The legacy of Ronald Reagan
June 11, 2004
Conqueror of communism, sworn enemy of statism, leader of unshakable conviction and contagious optimism, Ronald Reagan became one of history’s heroes long before his death. At a time when patriotism was mocked, he exposed the bankruptcy of modern liberalism and proved that true liberty is still a fighting faith. And like all great presidents, he created a yardstick against which future presidents will be measured.
President Reagan was not only congenitally optimistic; he could talk “through the camera” to the American people, making each viewer feel as if it were just the two of them. They were comfortable with him – and this made them comfortable with his ideas. He had no need for spin doctors to convey what he “really meant.” His message of lower taxes, smaller government and a strong U.S. military resonated deeply with the nation.
Indeed, no one since Franklin Roosevelt connected so well with ordinary Americans. In many ways, Reagan did for the 1980s what Roosevelt did for an America struggling with the Great Depression. He took an America suffering from “malaise” and double-digit inflation at home, as well as declining respect and foreign policy embarrassments abroad, and made its citizens believe again in their destiny as the “last best hope of mankind.”
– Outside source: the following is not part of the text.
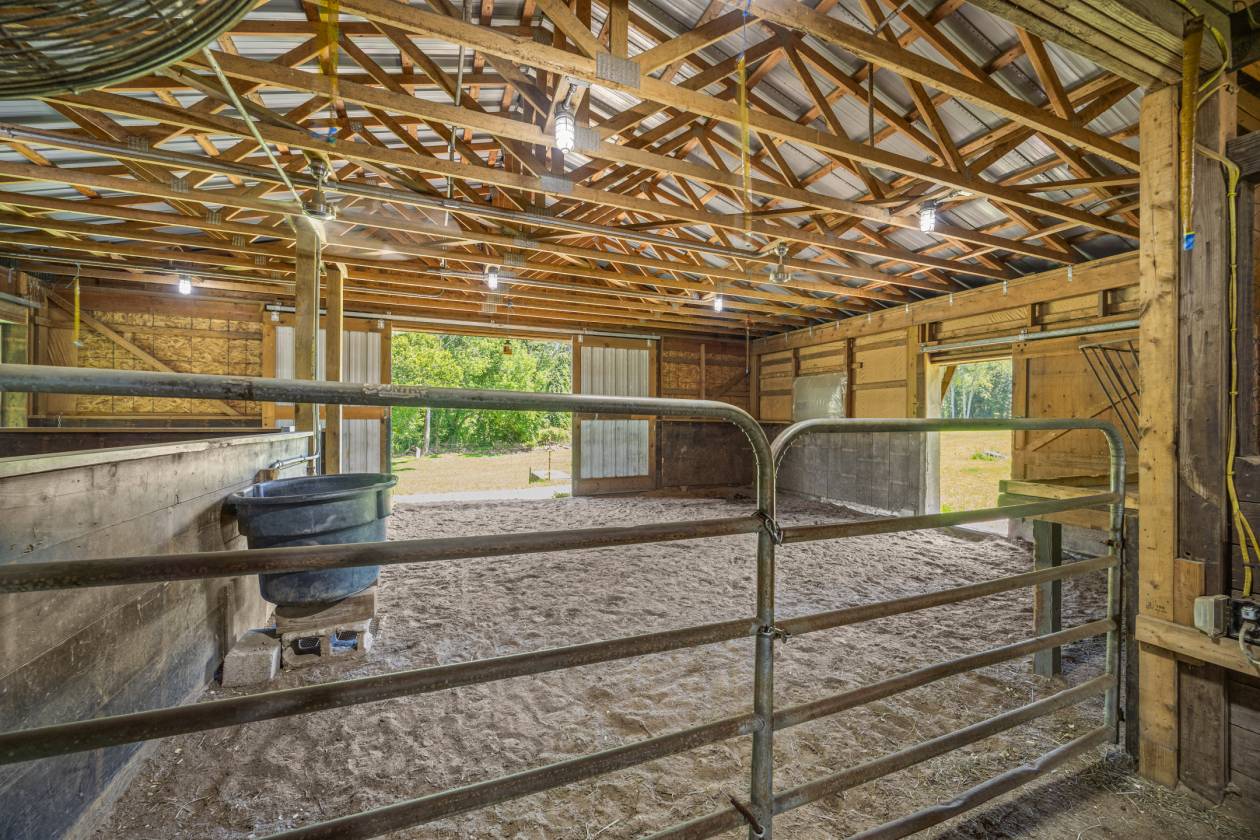 - The expansive barn offers ample space and flexibility, with the infrastructure in place to add more stalls to suit equestrian or livestock needs. The entire property is fully fenced, enhancing both security and usability for animals and residents alike.

Long before voters began pining for “authentic” candidates, President Reagan was the genuine article. What you saw was what you got. Those who say he was scripted – a former actor in the role of a lifetime – didn’t know the man.
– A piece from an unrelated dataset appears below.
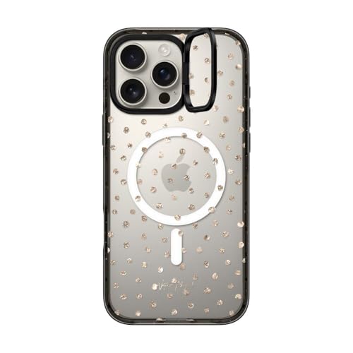 インパクト リングスタンド MagSafe対応 iPhone 16 Pro Max ケース [キックスタンド / 2mからの落下試験をクリア (MIL規格3倍相当) / ワイヤレス充電およびMagsafe対応] - Girly Gold Dots by Nature Magick - クリア ブラック

Consider his famous description of the Soviet Union as an “evil empire.” Several close advisers warned against using what they considered inflammatory language, but in his view diplomatic euphemisms were allowing a morally and intellectually bankrupt regime to suppress the freedom of millions. History proved Reagan right. As Margaret Thatcher memorably put it, “He won the Cold War without firing a shot.”
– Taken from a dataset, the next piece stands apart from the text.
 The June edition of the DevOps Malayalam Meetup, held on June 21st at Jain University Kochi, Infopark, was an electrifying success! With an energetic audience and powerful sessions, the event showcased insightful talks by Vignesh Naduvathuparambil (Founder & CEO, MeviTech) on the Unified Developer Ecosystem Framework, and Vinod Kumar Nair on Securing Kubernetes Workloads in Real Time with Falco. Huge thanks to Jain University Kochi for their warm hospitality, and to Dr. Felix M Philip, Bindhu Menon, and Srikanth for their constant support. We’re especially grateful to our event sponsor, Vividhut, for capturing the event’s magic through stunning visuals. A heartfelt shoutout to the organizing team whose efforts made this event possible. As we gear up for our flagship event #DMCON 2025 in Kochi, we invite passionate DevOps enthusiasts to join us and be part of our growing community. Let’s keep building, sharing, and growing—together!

Although Reagan believed in a strong America, he didn’t expect it to act as the world’s policeman. But he did believe in giving support to people fighting for freedom. “All they need is our support,” he said of Nicaragua in 1985. “All they need is proof that we care as much about the fight for freedom 700 miles from our shores as the Soviets care about the fight against freedom 5,000 miles from theirs.”
He also brought new perspectives to old problems. Take welfare. A full decade before Congress passed the most sweeping reform of government-sponsored charity, Reagan was laying the groundwork by pointing out that welfare – in FDR’s words, “a narcotic, a subtle destroyer of the human spirit” – should be measured not in terms of how much welfare recipients get, but “by how many of its recipients become independent of welfare.”
I first saw Ronald Reagan close up in 1973 when he testified on welfare reform before the Senate Finance Committee, displaying his rare talent for expressing conservative ideas that Americans found so compelling. In November 1978, my friend Richard Allen, Reagan’s director of foreign policy research, asked me to arrange a meeting between the candidate and journalists in London. Bill Deedes, then-editor of the Daily Telegraph, complained to me beforehand about coming to a breakfast meeting – “a barbaric American custom” – with this man who used to be governor of California. He left telling me it was one of the most interesting, fruitful and positive meetings he had ever attended on either side of the Atlantic.
But perhaps the most memorable moment of my personal encounters with President Reagan occurred on Oct. 3, 1983, at The Heritage Foundation’s 10th anniversary dinner in Washington, D.C. My wife, Linda, stood next to the president on the dais. He was so moved by the color guard’s presentation of the colors and the Navy Band’s playing of the national anthem that he leaned over to Linda and whispered, “That was so moving, it makes me want to clap. Too bad no one else is.” She replied, “Mr. President, I’ll bet if you did, everyone else would join in.” He did, and within a second 1,400 people were on their feet applauding.
In Ronald Reagan’s two terms as president, he gave America a transfusion of his own optimism and hope. He enkindled a sense of the possible, rescuing America from defeatism and much of the world from tyranny. He restored our confidence in the presidency itself, proving that Jefferson’s “splendid misery” could be simply splendid. And – not coincidentally – he helped create a safer, freer world. For that, his nation will be eternally grateful.
Dr. Edwin Feulner is president of The Heritage Foundation.